Толпы женщин окружали уполномоченных и мешали им работать, они задергали их, задергали сельского милиционера, который пытался остановить казачек, напоминая им о незаконности их действий. Вечером бойкая Марья не выдержала и набросилась на милиционера, порвав ему кожан. Она стала колотить его по голове, с силой толкать в грудь, задавливая его своим весом. Безропотный Архипов никак не отвечал на ее удары, лишь прикрывал голову локтями. Тамара сжалилась над милиционером и оттащила Марью от Архипова, дав ему уйти, за что сама чуть не схлопотала от разъяренной, раскрасневшейся Марьи, у которой уже и волосы выбились из-под шали и совсем распустились, и сама шаль слетела на плечи, но женщина не замечала ничего. Когда Тамара схватила ее за широкую талию и с силой оттянула в сторону, та резко вывернулась, обернулась и хотела было вцепиться в Ермолину, но все-таки вовремя остановилась, перепугав только Тамару: было что-то колдовское в этом обрамленном смоляными взлохмаченными волосами пунцовом лице, на котором лихо разлетались такие же смоляные злые брови.
Легче всего отделался уполномоченный из Челябинска Холодов – богатырски крупный, он не мог не то что поднять руку на разбушевавшихся женщин, которые мешали ему работать, он и грубить им не желал, считая это ниже своего достоинства. Он пытался вразумить их, напоминая о том, что сделки купли-продажи со станичниками заключены, если не сегодня, так завтра им все равно придется выполнить условия путевок. Татьяна позже вспоминала, что он так по-доброму с ними говорил, так широко и сладко улыбался, что ей и другим женщинам приходилось переступать через себя, чтобы хамить Холодову, не задерживать взгляд на его чуть восточных прищуренных глазах, так причудливо сочетавшихся с его русыми волосами и светлой кожей, да не тонуть в его глазах, как в омуте. Ох, как хотелось иным ответить ему столь же любезно! Другие были б времена, разве казачки обошлись бы так с богатырем! Но долг был долг, казачья честь – казачья честь, и они продолжали разворачивать обозы с хлебом и мешать наполнять новые.

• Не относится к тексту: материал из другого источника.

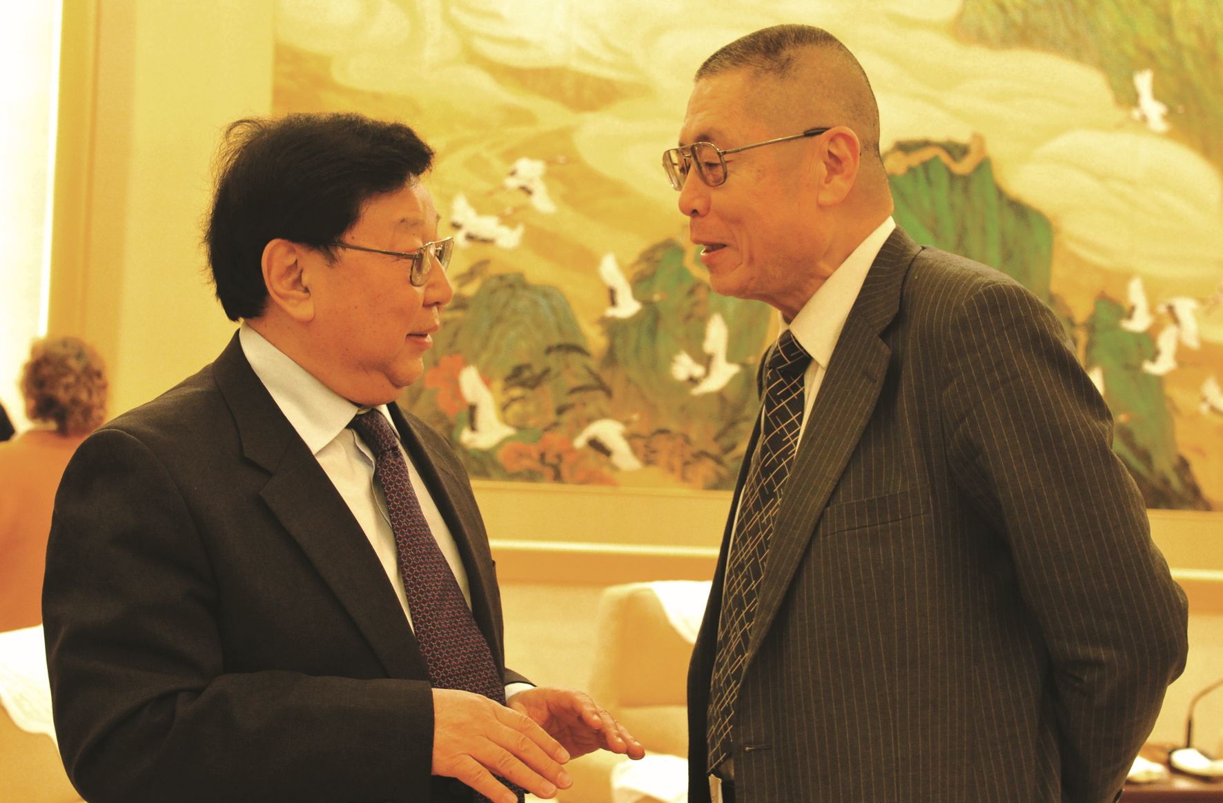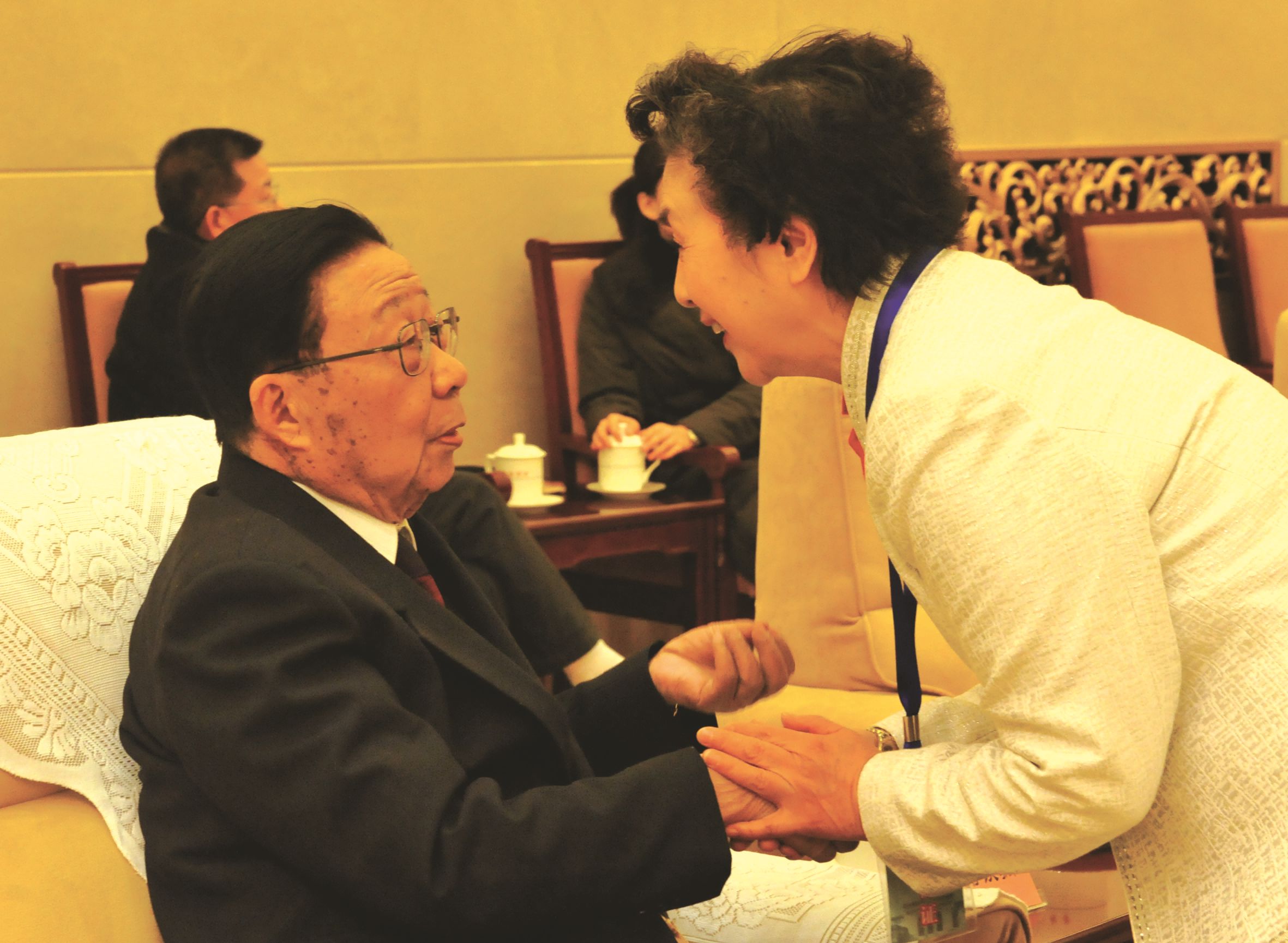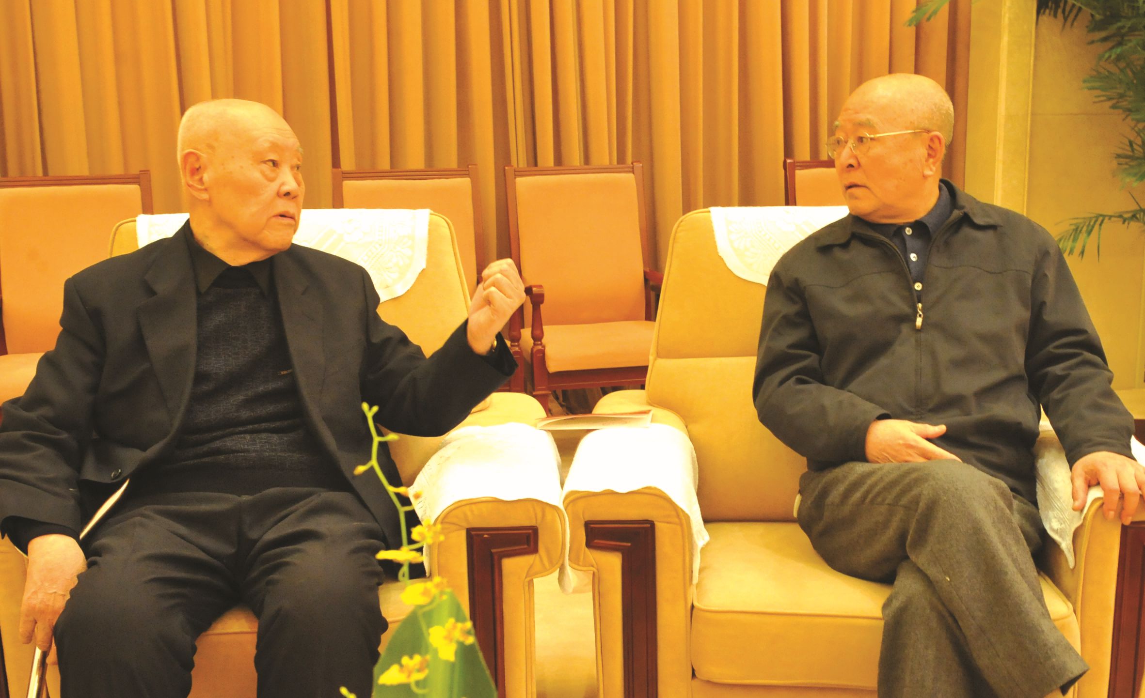 第十一届全国政协副主席郑万通(左一)与钢琴家刘诗昆(右一)亲切交谈

Хуже всего пришлось уполномоченному Остапенко – низкорослому человеку со смешным лицом, словно вдавленным вовнутрь, и маленькими глазками, выражавшими глубокий ум. Острый на язык, он больше всех хамил женщинам, и они, не найдя нужных слов, с невиданной доселе свирепостью набросились на него в амбаре, но не поколотили и не разбили ему лицо, а раздели Остапенко догола и с первобытным упоением глумились над ним:
– Герой – кверху дырой! – что только не кричали казачки, изгаляясь над уполномоченным и совершенно не ведая стыда.
В тот же день уполномоченные покинули одичавшую станицу.
Но еще долго шумел, гулял Кизляк: по всем дворам женщины, смакуя подробности и одновременно выказывая особенное восхищение самым борзым из них, по много раз рассказывали своим мужьям и детям, как останавливали обозы, как заворачивали коней, как расправились с беспомощными уполномоченными, как поколотила Марья милиционера Архипова. Это были последние деньки, когда можно было вволю наговориться, всласть обсудить смелые, отчаянные и непристойные подробности кизлякского бабьего бунта, чтобы потом навсегда замолчать о двадцать девятом годе, будто его никогда не было, словно он провалился в черную пропасть сокрытой от людских глаз истории.
Глава вторая
А на следующее утро грачи прилетели. И свет, золотой, несказанный, беспечный, заструился косыми нитями ласково по падям и взгорьям, крышам домов, бревенчатым волнообразным стенам, стал топить снега, проникать в избы и рассеивать тревогу, подобно пару: казалось, то был свет прощения, улыбка небес, и вчерашняя дерзость станице будет забыта, и само существование путевых листов будет забыто как некая оказия, как ошибка уполномоченных, словно они, а не казачки вдруг раскаялись в том, что натворили, поняли, что зря приезжали в Кизляк и напрасно пытались покорить непокорных, вольных казаков Урала.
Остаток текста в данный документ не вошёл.